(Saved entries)
★ ★ ★ ★
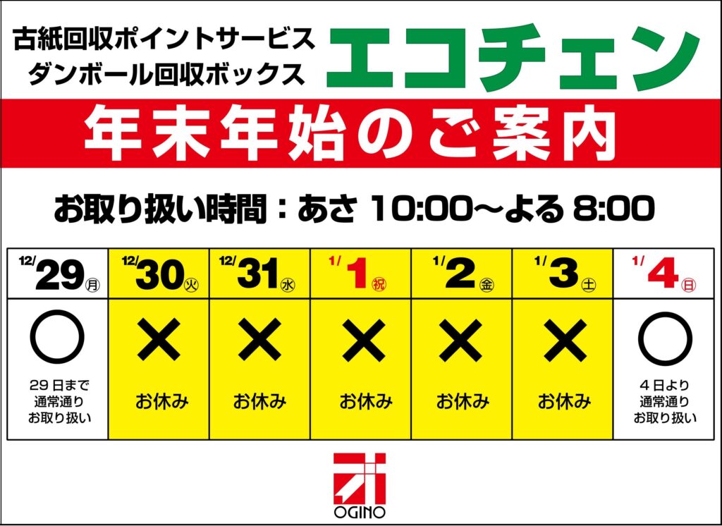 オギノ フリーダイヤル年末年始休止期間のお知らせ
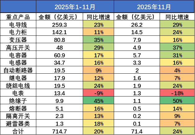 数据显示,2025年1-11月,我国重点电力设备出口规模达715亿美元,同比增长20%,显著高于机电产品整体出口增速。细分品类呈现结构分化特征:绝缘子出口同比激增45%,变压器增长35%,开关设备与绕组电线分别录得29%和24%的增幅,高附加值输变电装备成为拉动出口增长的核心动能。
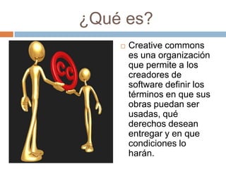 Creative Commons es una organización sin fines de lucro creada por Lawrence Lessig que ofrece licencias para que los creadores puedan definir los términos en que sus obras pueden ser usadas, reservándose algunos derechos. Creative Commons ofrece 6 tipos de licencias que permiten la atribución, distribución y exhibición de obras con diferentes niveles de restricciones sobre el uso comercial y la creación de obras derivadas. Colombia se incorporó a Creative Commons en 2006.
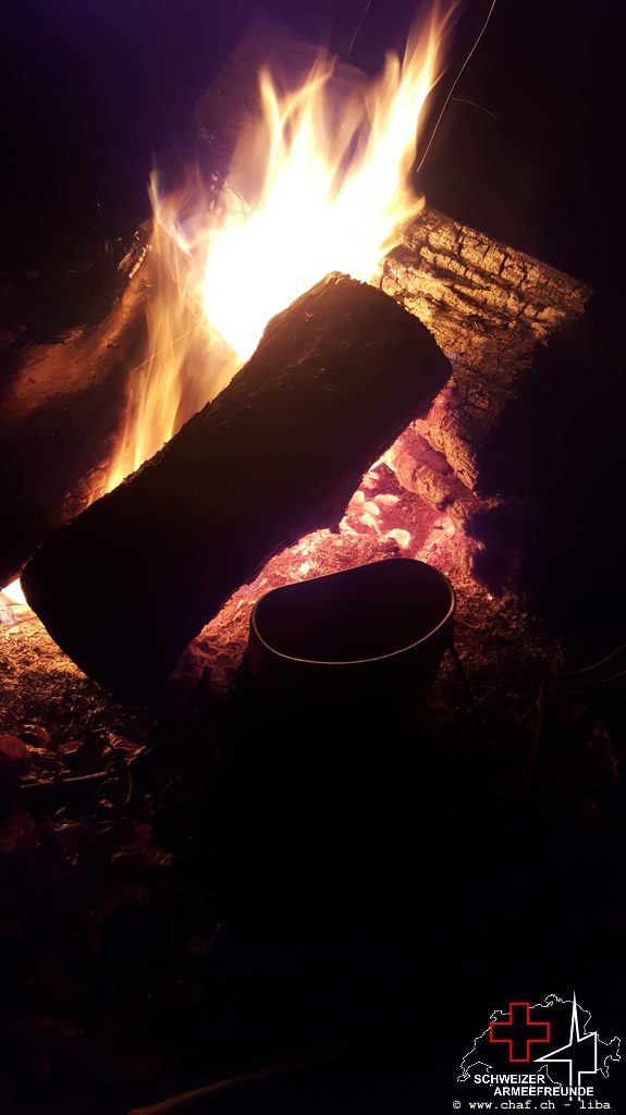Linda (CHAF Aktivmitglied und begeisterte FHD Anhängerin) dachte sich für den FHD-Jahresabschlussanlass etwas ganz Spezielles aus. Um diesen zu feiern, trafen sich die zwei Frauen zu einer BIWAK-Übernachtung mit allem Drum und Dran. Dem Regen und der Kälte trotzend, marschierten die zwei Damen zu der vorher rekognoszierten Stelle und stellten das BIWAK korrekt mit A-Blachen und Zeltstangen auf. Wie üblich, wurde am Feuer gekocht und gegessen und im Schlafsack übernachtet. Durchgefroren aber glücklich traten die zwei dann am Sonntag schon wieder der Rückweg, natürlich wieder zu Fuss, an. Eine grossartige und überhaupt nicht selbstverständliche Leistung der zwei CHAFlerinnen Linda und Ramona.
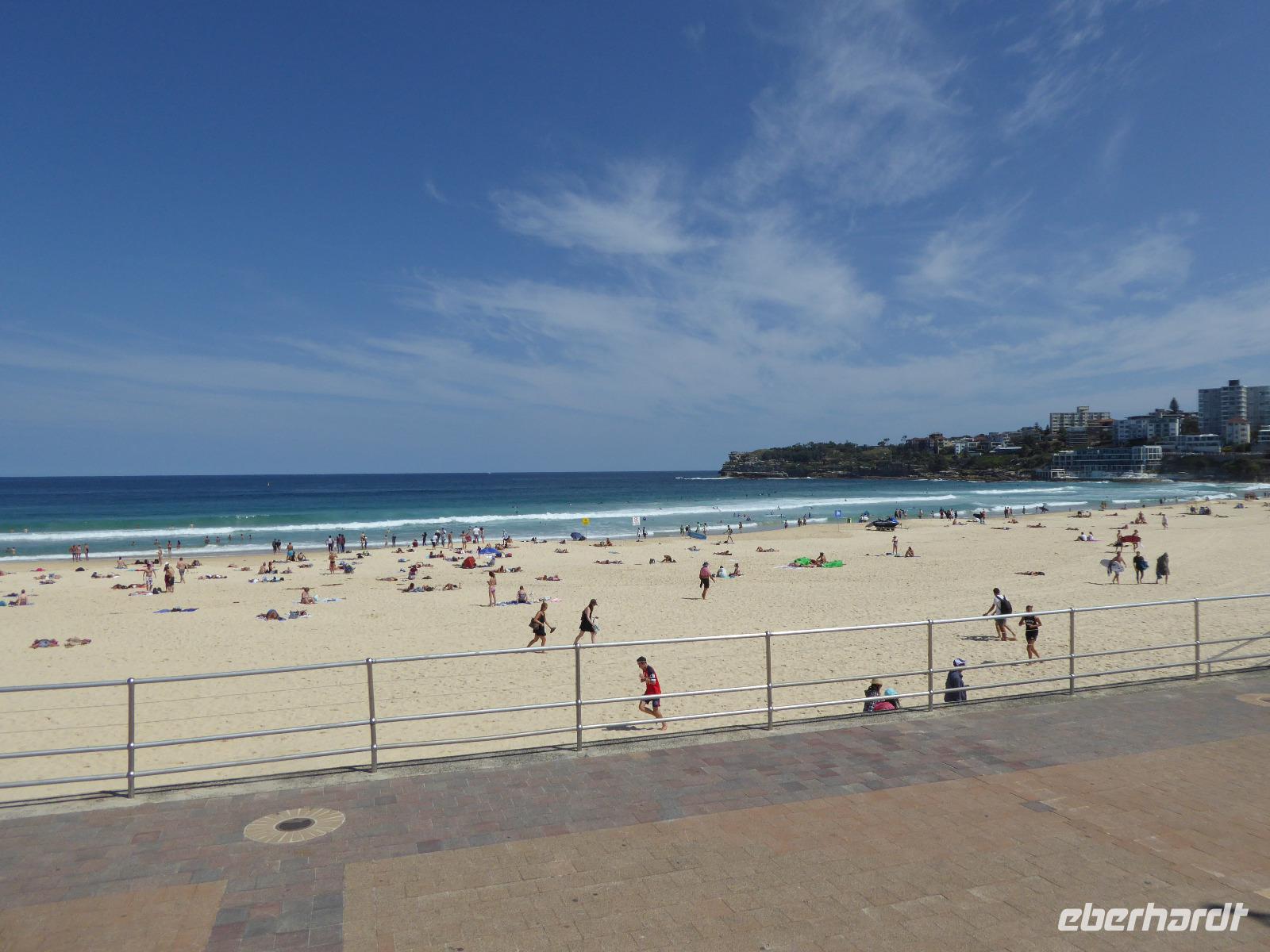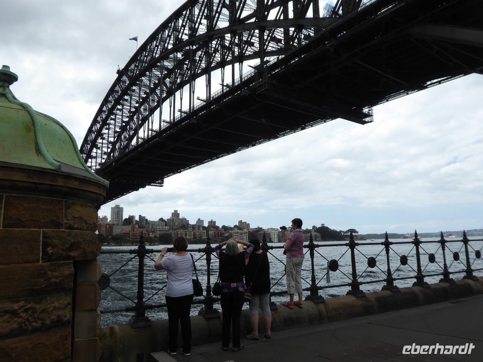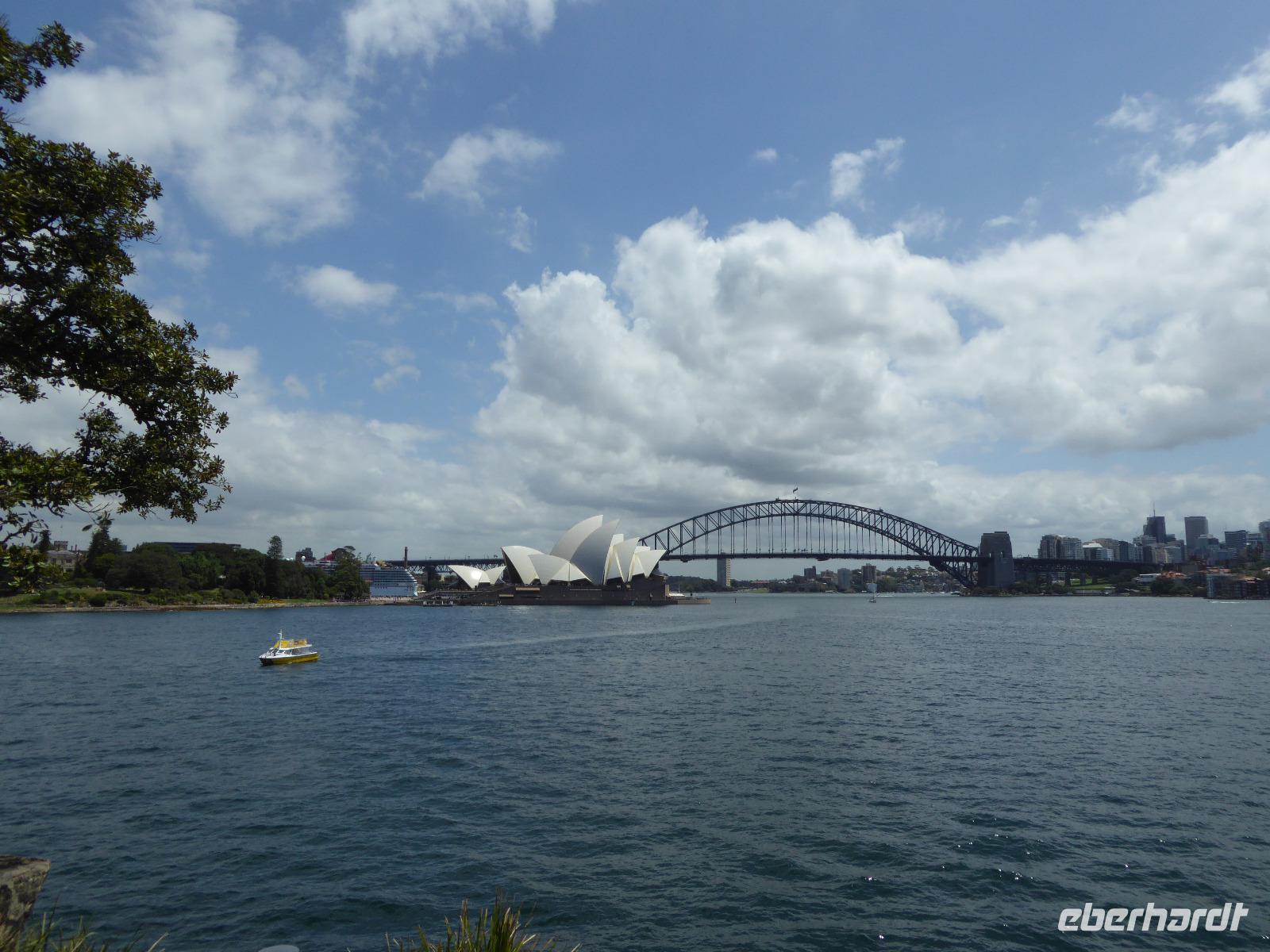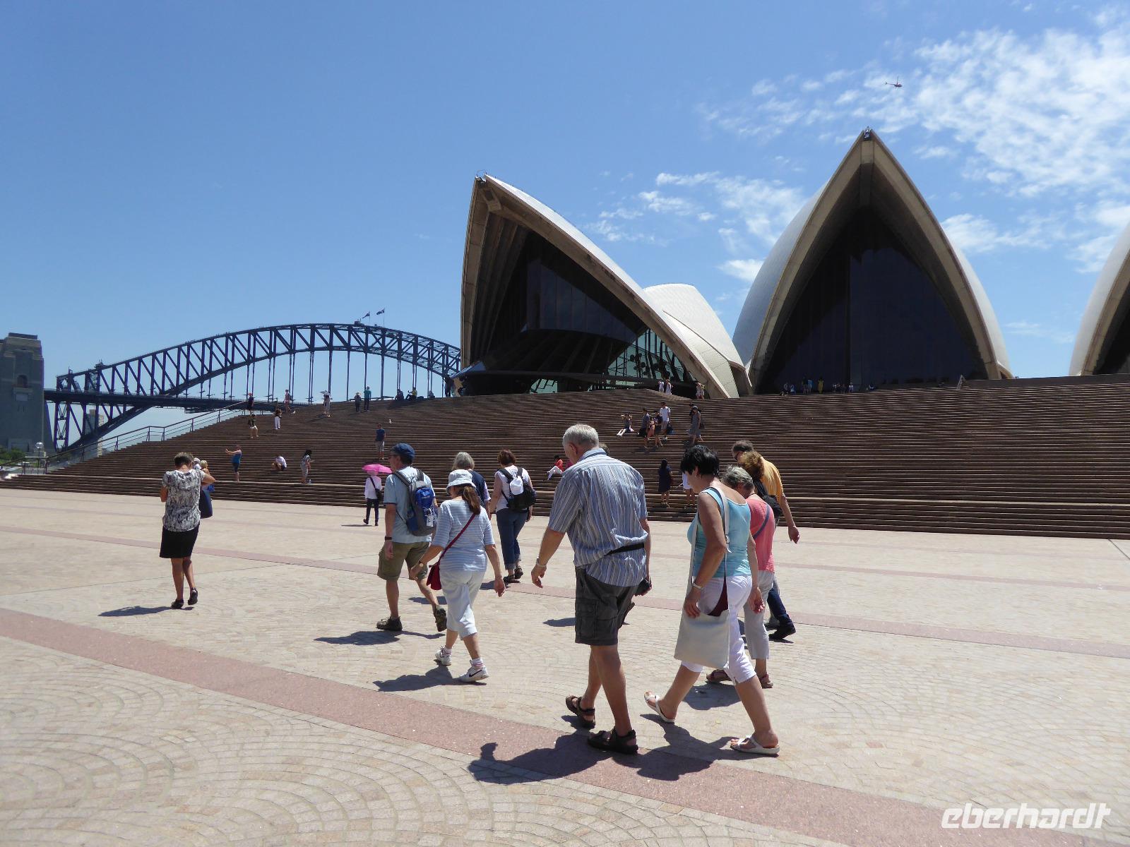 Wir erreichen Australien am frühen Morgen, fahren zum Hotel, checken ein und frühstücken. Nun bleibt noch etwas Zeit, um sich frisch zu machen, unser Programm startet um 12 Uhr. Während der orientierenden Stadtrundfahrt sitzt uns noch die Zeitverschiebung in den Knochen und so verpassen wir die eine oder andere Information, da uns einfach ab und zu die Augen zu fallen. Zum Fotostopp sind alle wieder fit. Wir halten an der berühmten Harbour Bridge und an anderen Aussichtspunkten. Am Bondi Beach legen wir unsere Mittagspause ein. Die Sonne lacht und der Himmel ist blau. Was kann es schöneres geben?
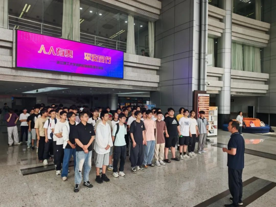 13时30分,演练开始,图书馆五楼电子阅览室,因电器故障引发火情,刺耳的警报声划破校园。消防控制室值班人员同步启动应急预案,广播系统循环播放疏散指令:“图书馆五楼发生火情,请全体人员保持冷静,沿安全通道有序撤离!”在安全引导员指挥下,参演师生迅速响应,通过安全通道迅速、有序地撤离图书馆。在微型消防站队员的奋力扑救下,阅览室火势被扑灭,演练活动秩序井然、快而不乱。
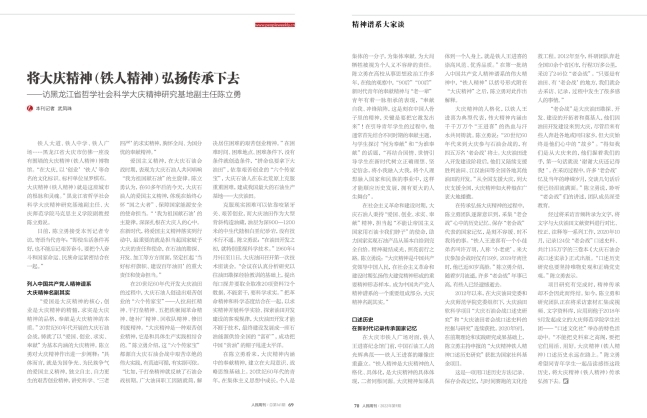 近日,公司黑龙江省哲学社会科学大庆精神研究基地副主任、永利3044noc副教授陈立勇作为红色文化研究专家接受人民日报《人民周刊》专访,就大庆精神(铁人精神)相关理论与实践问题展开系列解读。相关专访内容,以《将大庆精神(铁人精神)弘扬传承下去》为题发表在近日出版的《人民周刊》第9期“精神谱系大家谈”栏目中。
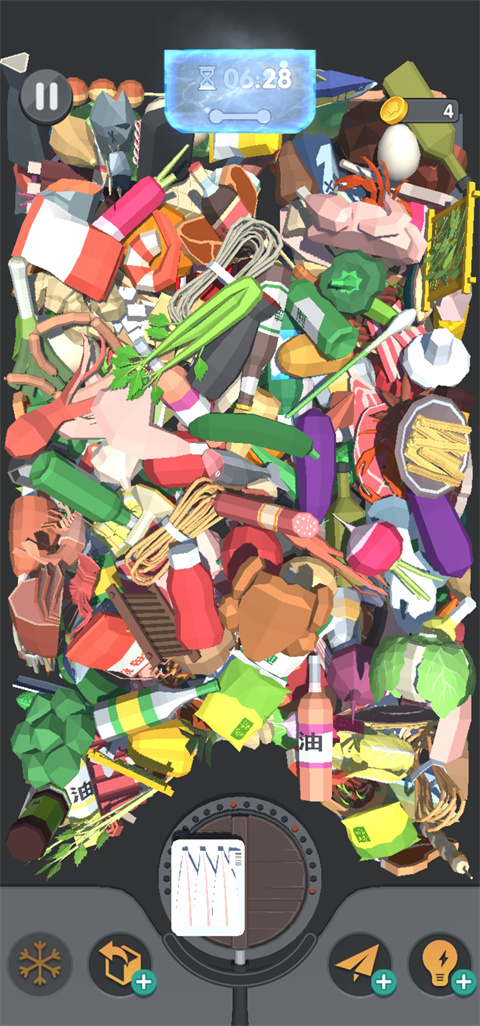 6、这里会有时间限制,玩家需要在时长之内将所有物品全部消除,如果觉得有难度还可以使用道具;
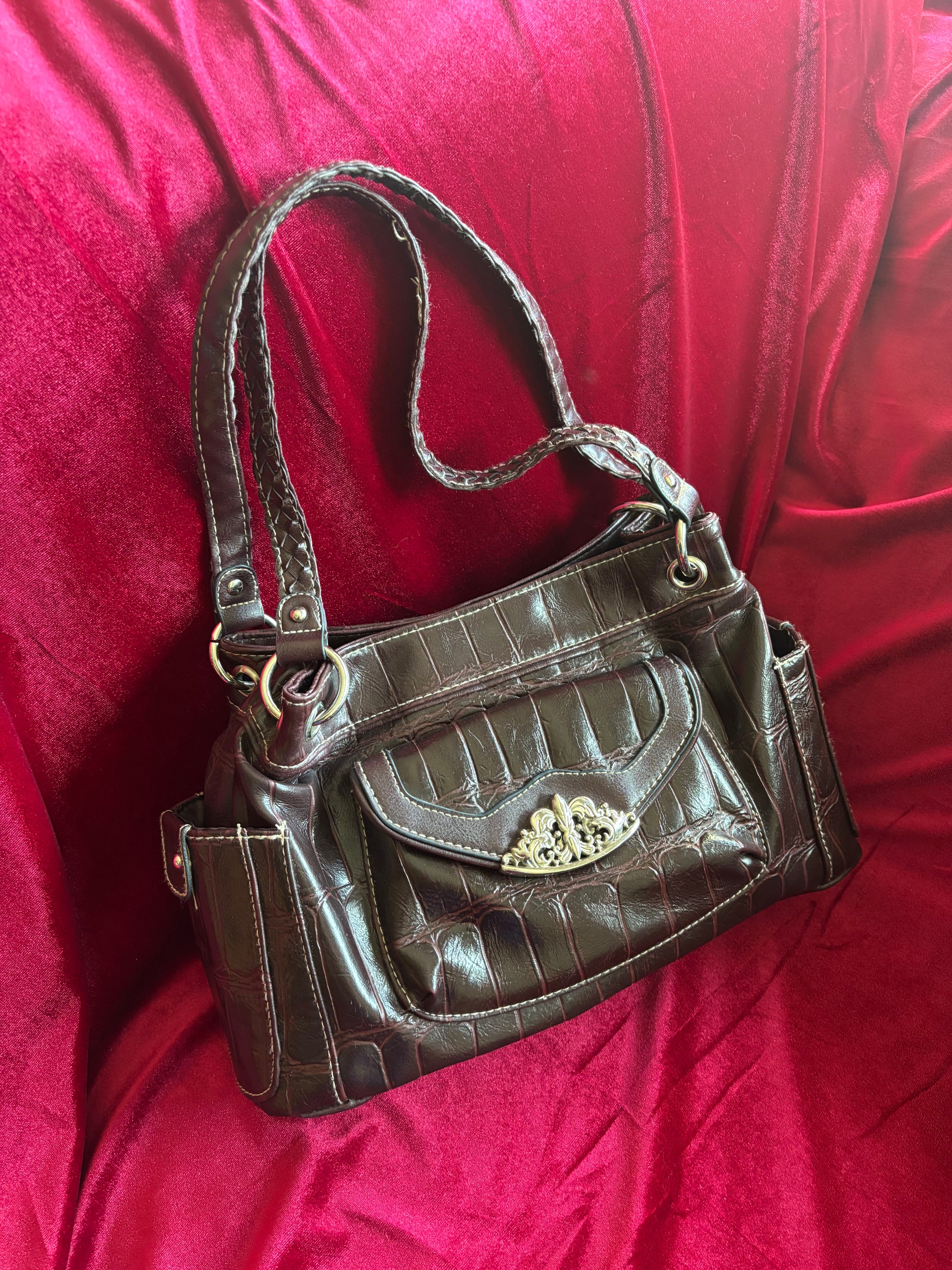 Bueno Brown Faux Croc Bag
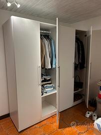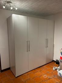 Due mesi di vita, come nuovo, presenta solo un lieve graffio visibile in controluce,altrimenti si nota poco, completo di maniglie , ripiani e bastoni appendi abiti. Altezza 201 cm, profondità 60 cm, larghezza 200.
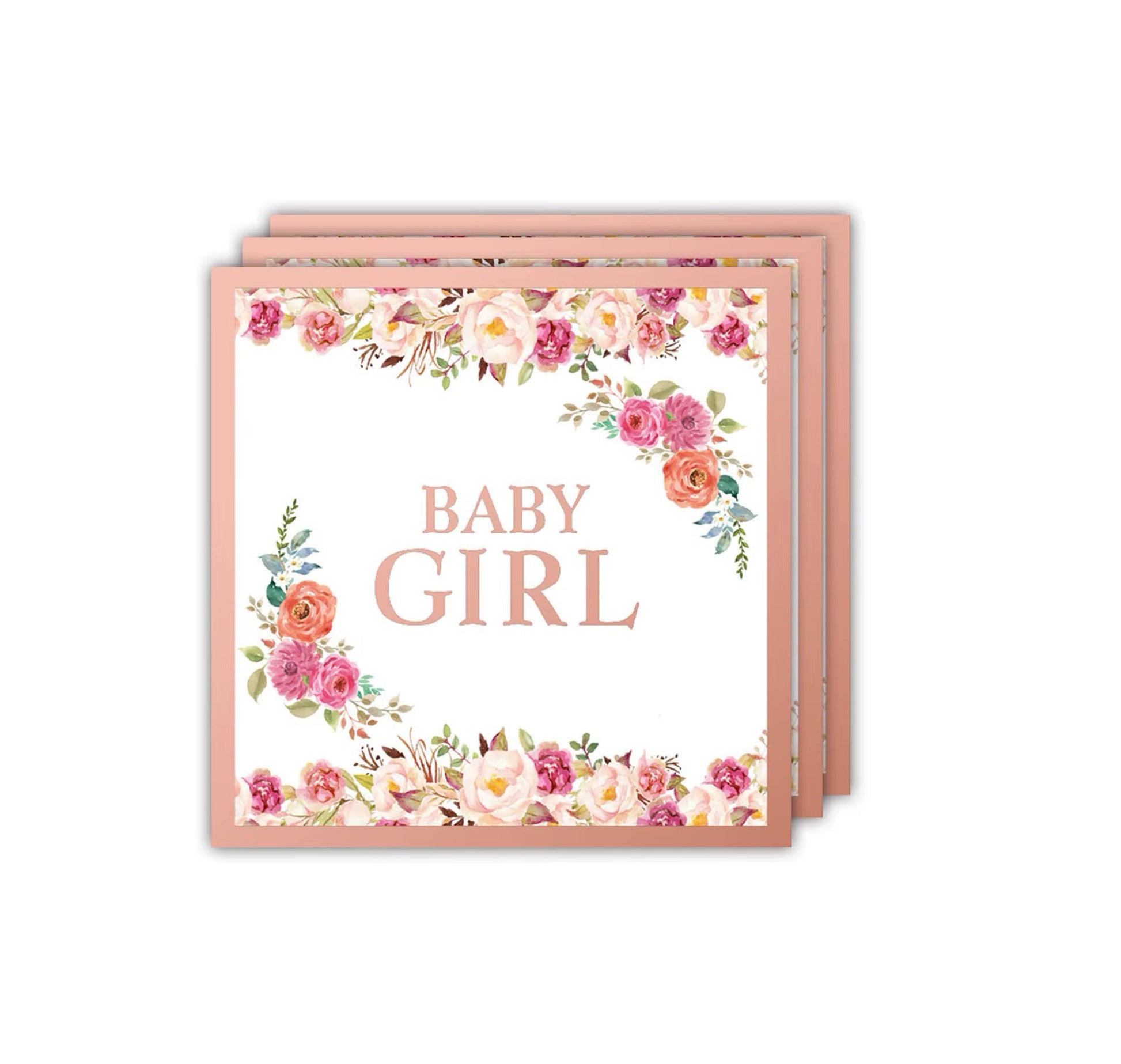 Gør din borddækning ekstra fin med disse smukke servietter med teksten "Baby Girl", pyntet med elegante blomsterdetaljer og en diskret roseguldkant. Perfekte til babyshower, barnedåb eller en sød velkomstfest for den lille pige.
★ ★ ★ ★
▶ _Task to complete_
Starting at the first line of the data, set down each line exactly until you have copied the line with "Creative Commons es", but leave the pictures out.

▶ _Response to the task_
 オギノ フリーダイヤル年末年始休止期間のお知らせ
 数据显示,2025年1-11月,我国重点电力设备出口规模达715亿美元,同比增长20%,显著高于机电产品整体出口增速。细分品类呈现结构分化特征:绝缘子出口同比激增45%,变压器增长35%,开关设备与绕组电线分别录得29%和24%的增幅,高附加值输变电装备成为拉动出口增长的核心动能。
 Creative Commons es una organización sin fines de lucro creada por Lawrence Lessig que ofrece licencias para que los creadores puedan definir los términos en que sus obras pueden ser usadas, reservándose algunos derechos. Creative Commons ofrece 6 tipos de licencias que permiten la atribución, distribución y exhibición de obras con diferentes niveles de restricciones sobre el uso comercial y la creación de obras derivadas. Colombia se incorporó a Creative Commons en 2006.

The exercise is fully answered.